Чахотка

Дарья Февраль
Они все смотрели на меня чересчур странно. Не то чтобы мысленно раздевали меня взглядом, но слишком нагло лезли в душу, почитая это за деликатность. Ха, деликатность! То-то же.
- Что случилось, тебе нужна помощь?
Отплёвываюсь. Помощь не нужна, я вполне себе нормальный человек. Они не понимают, что вот стоят твои вещи,твои недочитанные книги с закладками, велосипед, рубашки,- всё смеётся и лукаво спрашивает:
- Мы ведь и твои? С тобой мы? Чьи мы?
Маленькие резонёры! Жалят меня, как эринии, кусаются, как ехидны, - всё им шутки, пересмешникам!
Отплёвываюсь, - как я люблю тебя, Боже!
Сворачиваюсь под одеялом. Компактней, компактней, - я маленький, я спрячусь. Утром я вылезу из под одеяла и ничего не будет.

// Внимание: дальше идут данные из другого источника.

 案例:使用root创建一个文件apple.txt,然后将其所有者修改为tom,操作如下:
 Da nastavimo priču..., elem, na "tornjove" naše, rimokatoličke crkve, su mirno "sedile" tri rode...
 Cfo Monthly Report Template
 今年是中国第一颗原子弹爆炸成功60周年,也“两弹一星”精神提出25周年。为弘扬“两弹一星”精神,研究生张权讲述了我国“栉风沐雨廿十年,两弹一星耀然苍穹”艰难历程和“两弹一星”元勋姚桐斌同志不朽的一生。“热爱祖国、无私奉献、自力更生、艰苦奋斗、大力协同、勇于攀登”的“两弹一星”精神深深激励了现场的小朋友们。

Они все слушали меня чересчур странно. Не то чтобы считали за юродивого, но мысленно крутили пальцем у виска, почитая это за сострадание. То-то же.
- Поделись, расскажи, не замыкайся!
Отплёвываюсь. Снова и снова - отплёвываюсь. Я же самое жалкое существо на свете, если мою душу можно было променять на мещанское счастье. Я же самый пустой человек, если меня можно променять на такую пустошь и посредственность. Поверхностность. Видывали мы таких, знаем.
Отплёвываюсь, - как я люблю тебя!

Вот с фотографии блестит твой профиль, точёные скулы, прямая гипотенуза носа, лоб, как великая Русская равнина, маленькая ямочка на левой щеке, северный подбородок. Все это смотрит на меня и смеётся:
- Мы ведь и твои? С тобой мы? Чьи мы?
Чёрт бы вас побрал, я меньше всего знаю, чьи вы!
Отплёвываюсь, - я люблю тебя! Как чахоточный, - собственной кровью.

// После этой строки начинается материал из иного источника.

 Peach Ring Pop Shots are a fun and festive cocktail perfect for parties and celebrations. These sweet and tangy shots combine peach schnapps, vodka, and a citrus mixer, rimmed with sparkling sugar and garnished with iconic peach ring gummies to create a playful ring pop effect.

Глаза. Маленькие воронки-колодцы, где цветёт шалфей. Почему-то непременно шалфей, хотя пахнут ландышами. Ей Богу, не знаю, как пахнут ландыши. Вернее, только сквозь твои глаза знаю. Глаза. Какой-то портал, самый короткий путь на ту сторону. На ту сторону чего? Не знаю, - тайна. Непременно хочу узнать. Разобью лоб о стену, но узнаю. Пусть смеются, я же шут гороховый. Арлекин. Отплёвываюсь, потому что люблю тебя.
Одеяло. Покоя нет. Жалят фурии-воспоминания. Бегу за ними заворожённо, хватаю в ладони, - таят, сыпятся. Призраки, кругом одни призраки. Уж не сам ли я призрак? Смеются:
-Прошлое мы или не прошлое?
Уууу, стервятники, чуют живой труп. Отмахиваюсь, отплёвываюсь, - люблю тебя!

Встаю с постели, заглядываю под кровать: где ты? Хватит прятаться, я не умею долго играть в прятки! Поднимаю матрас, - там тоже никого.
Бегу в темноту, - на воздух, на воздух! Не знаю, босиком ли я или как. Даже дверь не забылась закрыться. Наша дверь. Сейчас за ней тишина, пустота, а когда-то соседи слышали наш смех. Спускаюсь по лестнице, - ступеньки помнят твои стопы. Наша лестница, свидетельница клятв! Боже, почему люди так закрыты и замкнуты друг от друга, почему они чувствуют тоску по единству и соборности? Боже, возможно ли? Вечный зов!
Ноги несут, несёт лихая, - качусь, поехал, сорвался куда-то. В темноту, в глубину.
Отплёвываюсь, - люблю!

Вытащили. Ироды. Теперь затаскают меня. Весь мокрый, холодный, живой. Труп. Лежу на граните, мордой кверху. Даже небо без звёзд, - всё чурается меня, прокаженного. Проклятье ли на мне родовое? Но ведь живуч, как таракан!
- С вами всё в порядке? Что случилось?
Отплёвываюсь, - лю...!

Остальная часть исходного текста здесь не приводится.